Even a C64 or a ZX Spectrum would be a better choice than an RPi for teaching.
This is the strangest opinion I've seen all day. My teen programming years were on a c64 in the late 80s, and in retrospect that was a really tough learning experience (and when I got to college and had access to 'anything else' I never looked back).
Also how was the c64 not a 'closed proprietary system'?
It's been completely reverse-engineered, emulated, and documented, a lot more than can be said of the SoC in the RPi. Maybe in 30 years the same will happen to the latter, but I'm not too optimistic about that.
Because that's still not equal to an open-source design where the licensing eliminates such risks.
I can understand being disappointed at this choice, but if no other options exist, then either you're sacrificing price or performance to get more open-ness. My impression has been that this has mostly been about giving a cheap, easy to use software platform, and they've succeeded at that because of the price/performance balance.
That was then, though. Now that this platform is more established, I imagine they can apply some pressure to get things like the video core to be more open.
It was chosen mainly for the low price. The performance was a little subpar but it had the advantage of a decent video graphics block.
"Now that this platform is more established, I imagine they can apply some pressure to get things like the video core to be more open"
Broadcom was one of the worst companies to get documentation from, even for their own customers. Unless you were a big customer, you're lucky to get the time of day from them. Hopefully, their new owners Avago will have a different attitude towards the open source community.
The OPi chip maybe for not cone from a "respected" western company but it is in all regards a more open chip.
While the datasheet is almost as thin as that of Broadcom it is mostly because they use standard components where the full datasheet is available from arm.
There are also far less magic blobs and crazy boot gymnastics in there.
This isn't some petty nationalist agenda like you're claiming. AllWinner's lack of respect stems from their pathological refusal to cooperate with the Linux kernel and their many GPL license violations. They throw out new hardware cores very frequently, but the hardware is impossible to keep updated (and is thus insecure and hard to use) because AllWinner won't release hardware documentation or source code. I've got a few AllWinner devices, and they're poorly suited as general-purpose computing devices if you need both graphics and a recent kernel. They collect dust with my other nigh-unusable hardware.
Most of the AllWinner support in the kernel has been added despite the company's deplorable position, and the major community repository of information is highly critical of them (http://linux-sunxi.org/Allwinner). It's sad for a company when your major users and developers think so poorly of you.
Broadcom also acted like this for many years, and was similarly hated. The Raspberry Pi has been a bit of a paradigm shift in corporate policy which has earned them a lot more respect. And it's still been a rather slow journey.

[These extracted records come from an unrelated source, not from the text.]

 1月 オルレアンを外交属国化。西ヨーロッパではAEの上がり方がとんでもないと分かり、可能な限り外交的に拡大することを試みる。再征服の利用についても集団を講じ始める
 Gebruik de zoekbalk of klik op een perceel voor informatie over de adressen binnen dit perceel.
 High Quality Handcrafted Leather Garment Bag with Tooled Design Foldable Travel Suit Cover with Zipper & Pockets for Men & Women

If AllWinner wants respect, they can earn it by making their hardware easy to use for the hobbyist and non-commercial developers they're courting with all the cheap knockoffs they're releasing (e.g. Orange Pi, Banana Pi, etc which try and profit off brand name similarity). Blaming it on Western propaganda is just pitiful self-deception.
That's not what I am saying. I'm saying Broadcom is getting a pass because they are a household name.

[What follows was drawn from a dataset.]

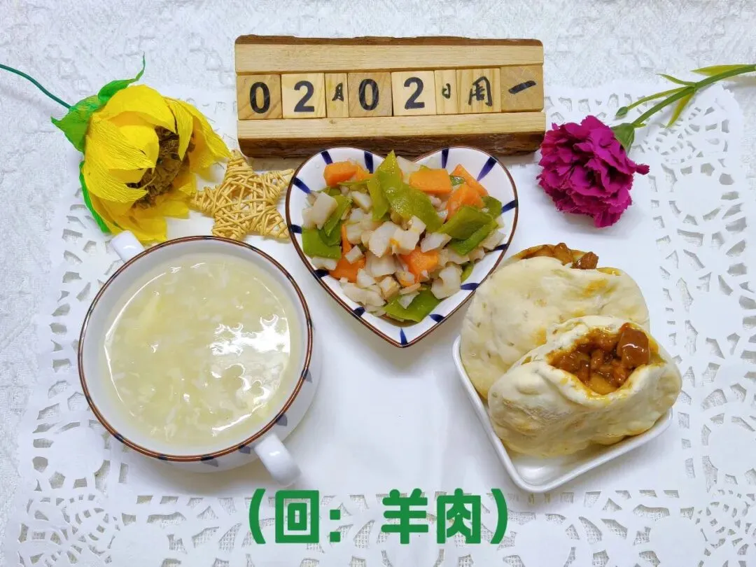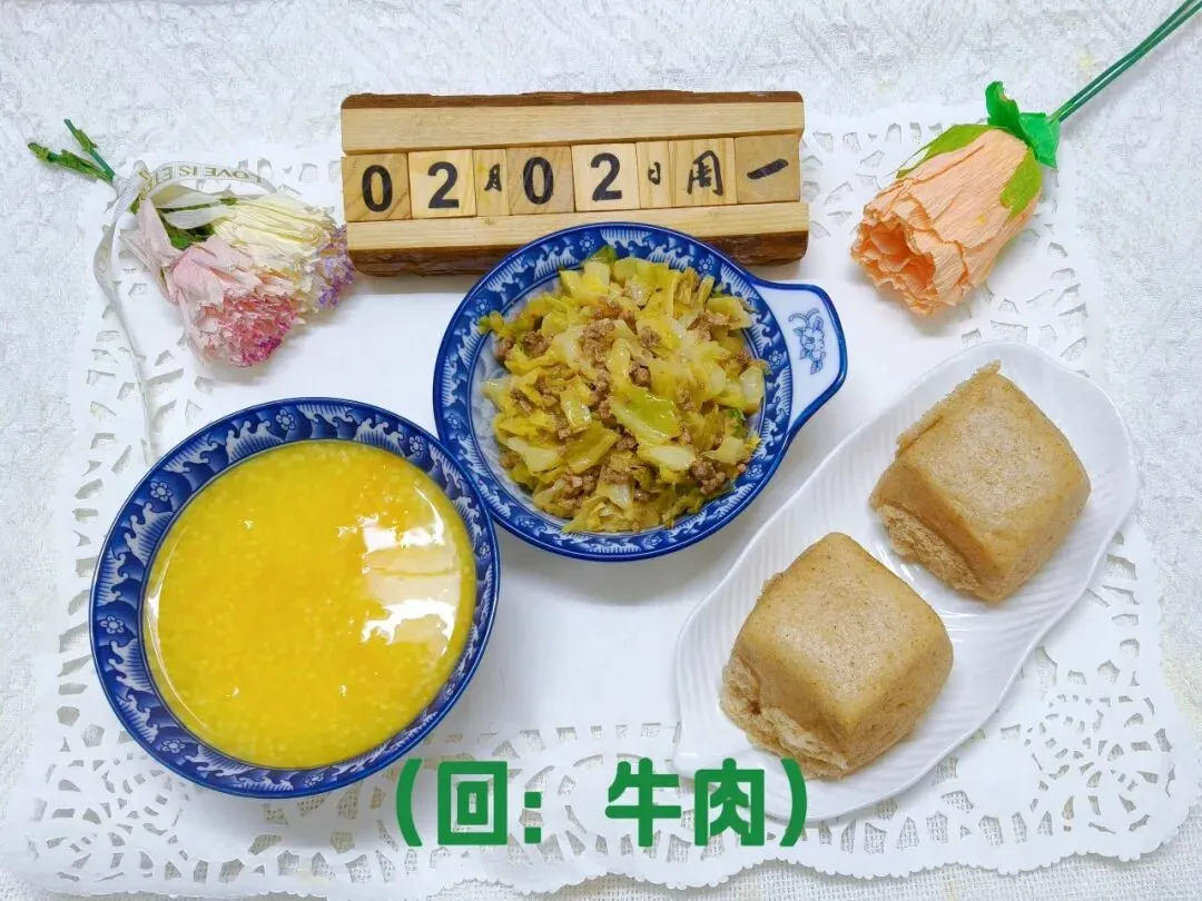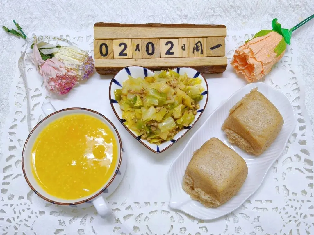 肉沫包菜(回:牛肉)、杂粮馒头、南瓜小米粥
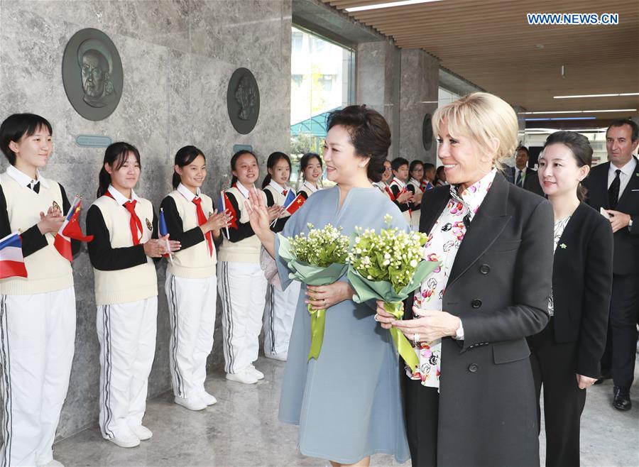Peng Liyuan, wife of Chinese President Xi Jinping, and Brigitte Macron, wife of French President Emmanuel Macron, visit the Shanghai Foreign Language School affiliated to Shanghai International Studies University in Shanghai, east China, Nov. 5, 2019. Peng Liyuan invited Brigitte Macron to visit the middle school on Tuesday. (Xinhua/Ding Lin)

edit: I now see you link to linux-sunxi, so you probably already know about this.
It is not fully open. (http://linux-sunxi.org/CedarX). Partial code was published a year and a half ago, but the video engine still isn't supported.

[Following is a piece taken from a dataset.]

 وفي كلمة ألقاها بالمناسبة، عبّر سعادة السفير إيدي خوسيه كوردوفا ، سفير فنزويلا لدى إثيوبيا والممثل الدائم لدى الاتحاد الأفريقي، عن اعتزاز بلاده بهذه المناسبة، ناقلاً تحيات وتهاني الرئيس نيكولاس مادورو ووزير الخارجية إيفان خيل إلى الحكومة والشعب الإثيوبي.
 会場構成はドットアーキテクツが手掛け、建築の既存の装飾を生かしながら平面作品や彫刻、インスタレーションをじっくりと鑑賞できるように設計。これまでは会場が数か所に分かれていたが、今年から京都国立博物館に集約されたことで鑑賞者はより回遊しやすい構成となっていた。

Their GPUs are Mali, as well, which is still a large obstacle in running a modern kernel.
Not to mention that all the code they published was as code dumps, some was under unclear licensing, and it's never on a remotely modern kernel, so it requires heavy porting. But yeah, they did release the code after years of complaints about GPL violations.
Giving a company credit for community efforts is kind of misleading.
Mali is still closed source, but GPUs in general are in a poor state for open driver support. Luckily you don't need GPU drivers to bring up Xorg on HDMI on Allwinner chips, so unless your playing video games, it is a non-issue.
Their code dumps they have cleared up the licensing on as of late, Tyle from Allwinner did make clear that everything that isn't explicitly licensed in the file itself is under GPLv2, and that that was Allwinner's original intention. The fact that they are ancient BSP kernels is sucky, but the community is making these sub-$1 SOCs run circles around the other SBCs.
"Abomination" is ridiculous.
Your point that the pi board provides educational value despite the frustratingly obtuse abomination at the core is valid though.
On top of that, other vendors have pretty much the same problems. Take Intel's stuff for example. It doesn't work without a BSP and you can't even boot a system and have it on for over 30 minutes without a running Management Engine.
Qualcomm, AllWinner, Marvell, Ti, they all make ARM SoC's and they all need their own BSP's to work. Broadcom is not unique in this.
Generally there are issues getting the GPU working well without firmware blobs but other aspects work fine.
Check out the Freescale part used in Bunnie's Novena laptop for example.
This is also the case for TI parts and the other manufacturers you list. Broadcom is somewhat unique in requiring a blob to even boot the system.
Yes precisely, so we offer an alternative to those blobs that allows you to boot ARM without needing a closed-source firmware.
Broadcom has yet to do anything like that.
So, basically it was a political choice to use this part. I think it also helped Broadcom sell a part which wasn't hugely popular.
They weren't sure they'd sell 1000 initially, and 10,000 was crazy dream. It wasn't conceived as the next wave of hacker and maker computers. Its goal was to be a cheap and accessible way to teach kids programming.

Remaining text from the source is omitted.